Despite Western sanctions there has been an increase of approximately 70,000 barrels per day (bpd) of Iranian oil exports.
The October insurance news out of Iran has shown that even though the American and European Union sanctions are still in place against covering oil exports from Iran, their exports still increased by about 70,000 barrels per day, reaching 2.7 million bpd that month.
This shows that the Western bans are not having the intended impact on the country.
Over the two previous months, the Iranian crude exports spiked to 1.3 million bpd from having been resting at 1 million bpd before that. This illustrated the difference it made when South Korea and China increased their purchases from that country. The monthly energy report from the International Energy Agency (IEA) stated that “China and South Korea appear to account for the lion’s share of the increase in Iranian imports.”
It means that Iran likely brought in about $900 million more in October.
That calculation is based on an oil price of $100 per barrel.
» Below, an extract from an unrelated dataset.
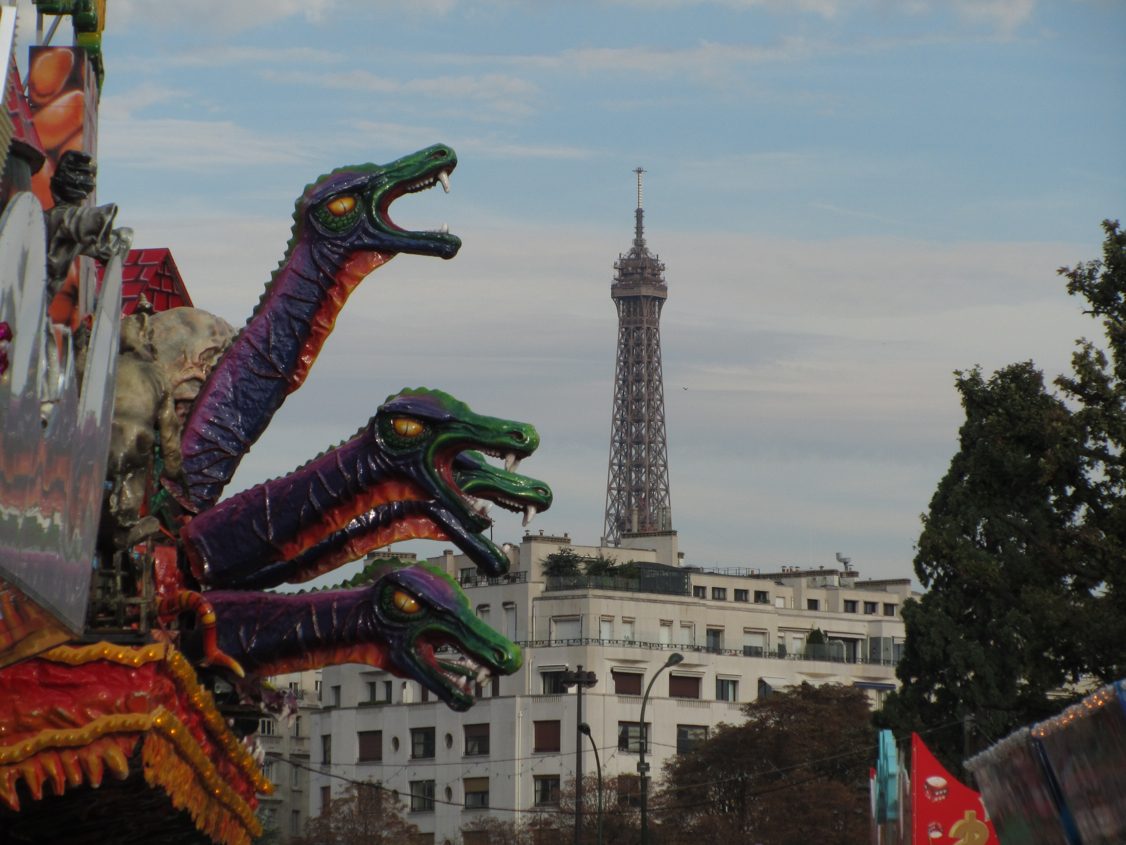 Und ebenfalls ganz am Rand des Bois war „Kirmes“. Kettenkarussell im Bois mit Blick auf Tour Eiffel oder die Bürotürme in Défense.  Paris-Besucher was willst Du mehr.  Und ein gediegenes Abendessen im 15. Arr., gehört zur Tradition wie der Sonntag-Morgen-Bummel über den Markt unter den U-Bahn-Bögen auf dem Bd. de Grenelle mit Pasteten vom  Feinsten, Käse und Rotwein um auf der Heimfahrt nicht zu verhungern 😊

Last month was the first time that South Korean oil companies restarted their imports of Iranian oil after having held back due to the European insurance companies that stopped coverage on the tankers carrying the crude. The very first cargo of this nature in two months arrived in South Korea in October.
South Korea chose to resume its oil imports from Iran following Tehran’s plan that included an offer of up to $1 billion in coverage for its tankers of crude. This decision was made by Iranian insurers when the European Union banned all of its own insurers – such as Lloyds – from being able to provide that coverage. As approximately 90 percent of Iranian tankers were covered by companies in the E.U., this effectively cut off its protection until it was able to offer it on its own.
This action from Seoul has arrived despite urges from the United States not to resume the purchase of oil from that Middle Eastern nation. The impact only grew when Iran’s largest crude buyer, China, arranged to boost its imports.